Please retype the records below exactly as they appear, leaving out every picture.

[Data records]
========================================

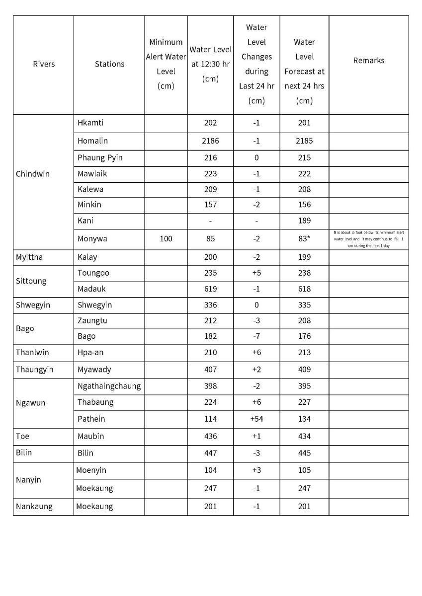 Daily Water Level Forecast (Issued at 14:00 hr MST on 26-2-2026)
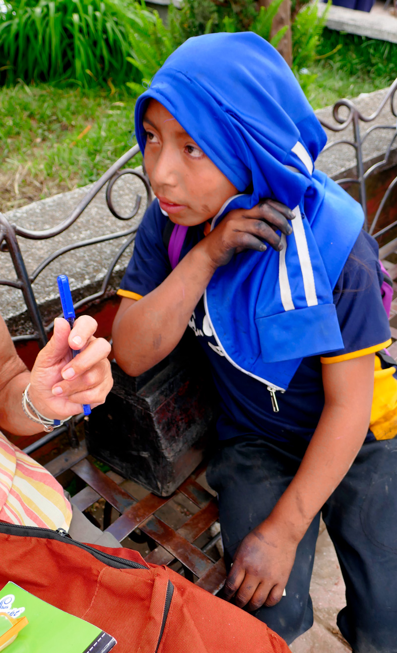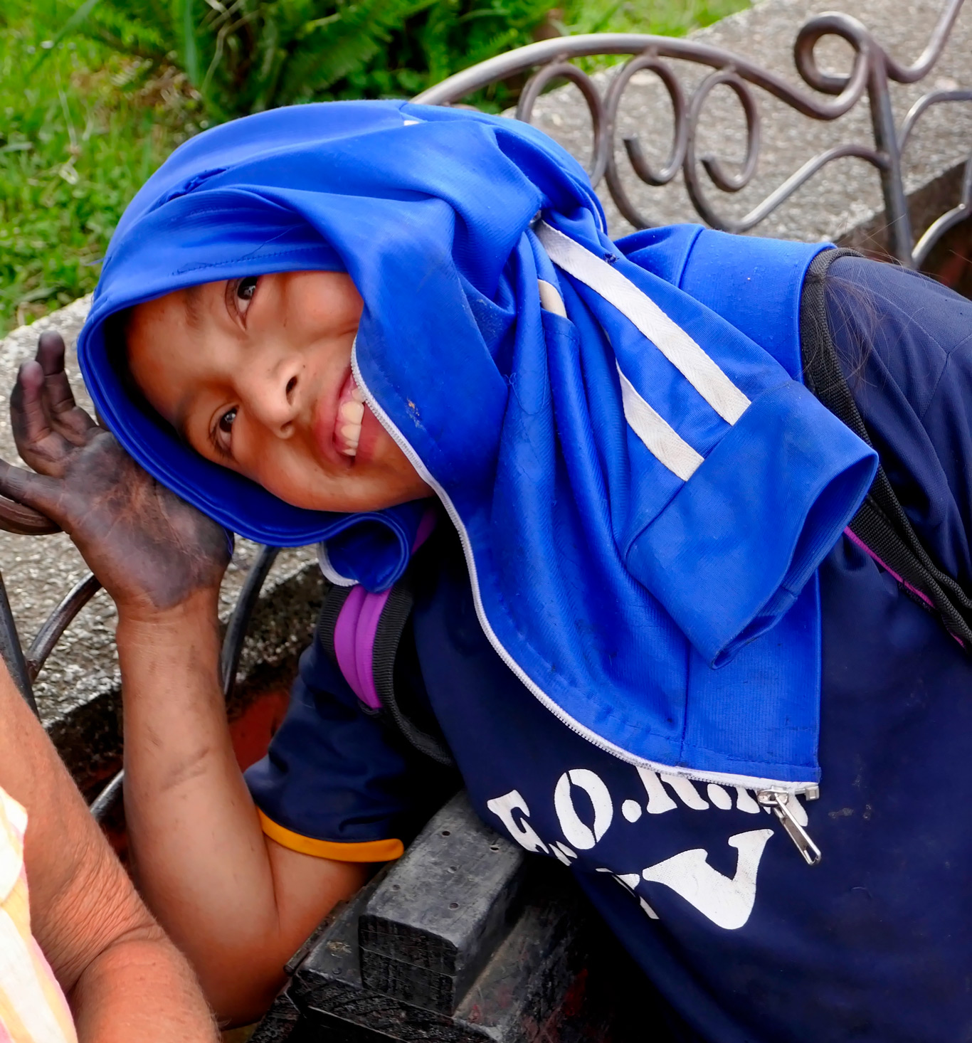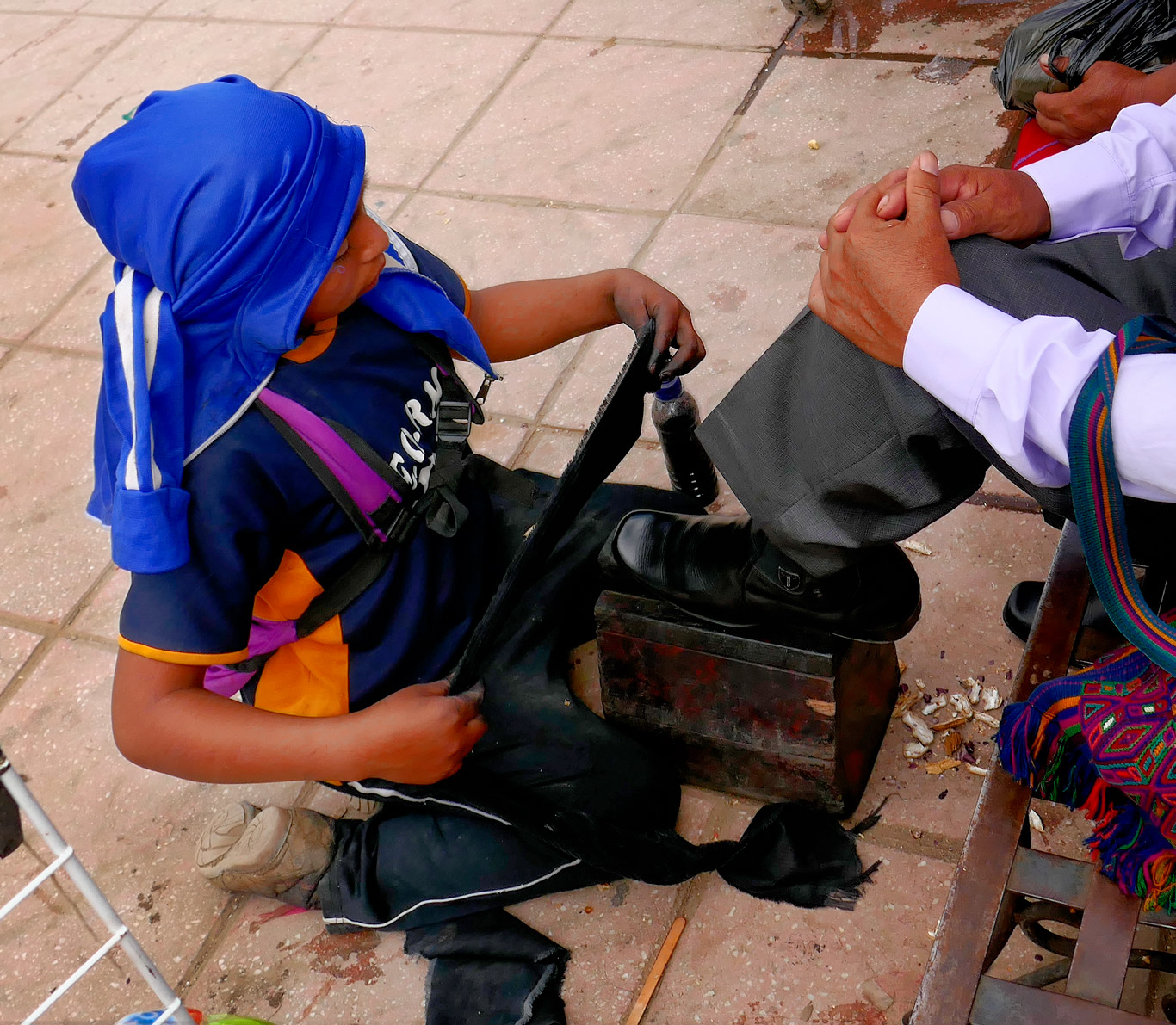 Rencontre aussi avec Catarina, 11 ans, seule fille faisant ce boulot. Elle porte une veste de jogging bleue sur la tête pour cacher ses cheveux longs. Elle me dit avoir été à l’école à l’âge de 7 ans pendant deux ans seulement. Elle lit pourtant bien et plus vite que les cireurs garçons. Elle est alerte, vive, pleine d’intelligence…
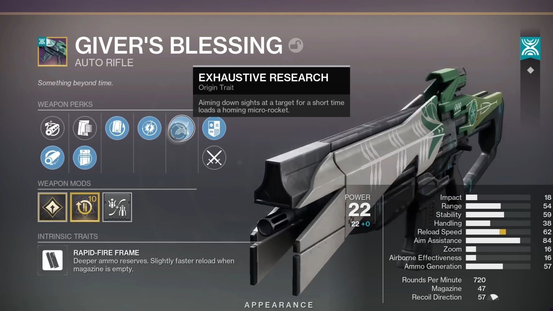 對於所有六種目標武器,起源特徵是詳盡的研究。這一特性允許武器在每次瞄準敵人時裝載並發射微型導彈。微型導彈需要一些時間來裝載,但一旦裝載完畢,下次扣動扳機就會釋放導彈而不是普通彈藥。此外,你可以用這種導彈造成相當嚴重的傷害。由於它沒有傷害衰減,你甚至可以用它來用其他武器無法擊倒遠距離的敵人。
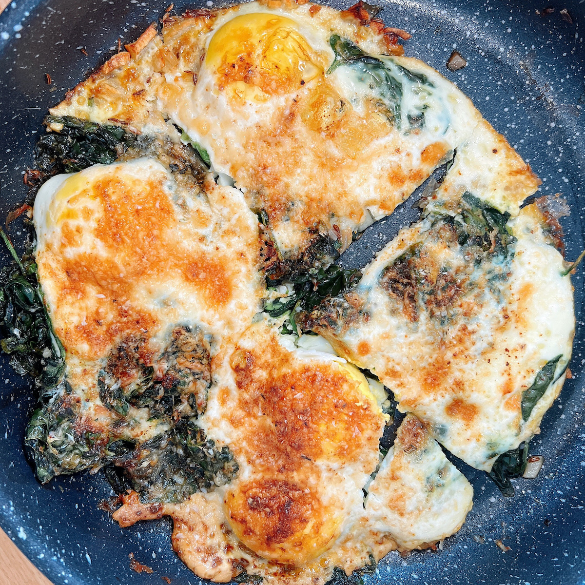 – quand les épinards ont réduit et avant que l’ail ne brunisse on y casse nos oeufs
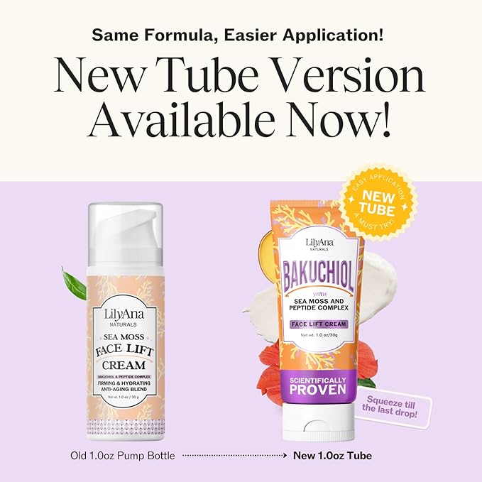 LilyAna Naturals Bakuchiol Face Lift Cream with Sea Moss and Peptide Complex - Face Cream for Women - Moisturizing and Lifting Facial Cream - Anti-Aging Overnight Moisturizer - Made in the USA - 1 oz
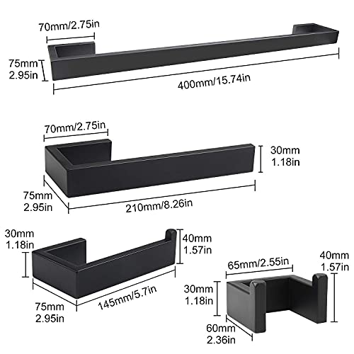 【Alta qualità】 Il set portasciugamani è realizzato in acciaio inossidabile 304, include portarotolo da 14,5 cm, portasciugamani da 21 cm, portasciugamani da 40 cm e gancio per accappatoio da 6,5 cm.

========================================

▶ Written answer
 Daily Water Level Forecast (Issued at 14:00 hr MST on 26-2-2026)
 Rencontre aussi avec Catarina, 11 ans, seule fille faisant ce boulot. Elle porte une veste de jogging bleue sur la tête pour cacher ses cheveux longs. Elle me dit avoir été à l’école à l’âge de 7 ans pendant deux ans seulement. Elle lit pourtant bien et plus vite que les cireurs garçons. Elle est alerte, vive, pleine d’intelligence…
 對於所有六種目標武器,起源特徵是詳盡的研究。這一特性允許武器在每次瞄準敵人時裝載並發射微型導彈。微型導彈需要一些時間來裝載,但一旦裝載完畢,下次扣動扳機就會釋放導彈而不是普通彈藥。此外,你可以用這種導彈造成相當嚴重的傷害。由於它沒有傷害衰減,你甚至可以用它來用其他武器無法擊倒遠距離的敵人。
 – quand les épinards ont réduit et avant que l’ail ne brunisse on y casse nos oeufs
 LilyAna Naturals Bakuchiol Face Lift Cream with Sea Moss and Peptide Complex - Face Cream for Women - Moisturizing and Lifting Facial Cream - Anti-Aging Overnight Moisturizer - Made in the USA - 1 oz
 【Alta qualità】 Il set portasciugamani è realizzato in acciaio inossidabile 304, include portarotolo da 14,5 cm, portasciugamani da 21 cm, portasciugamani da 40 cm e gancio per accappatoio da 6,5 cm.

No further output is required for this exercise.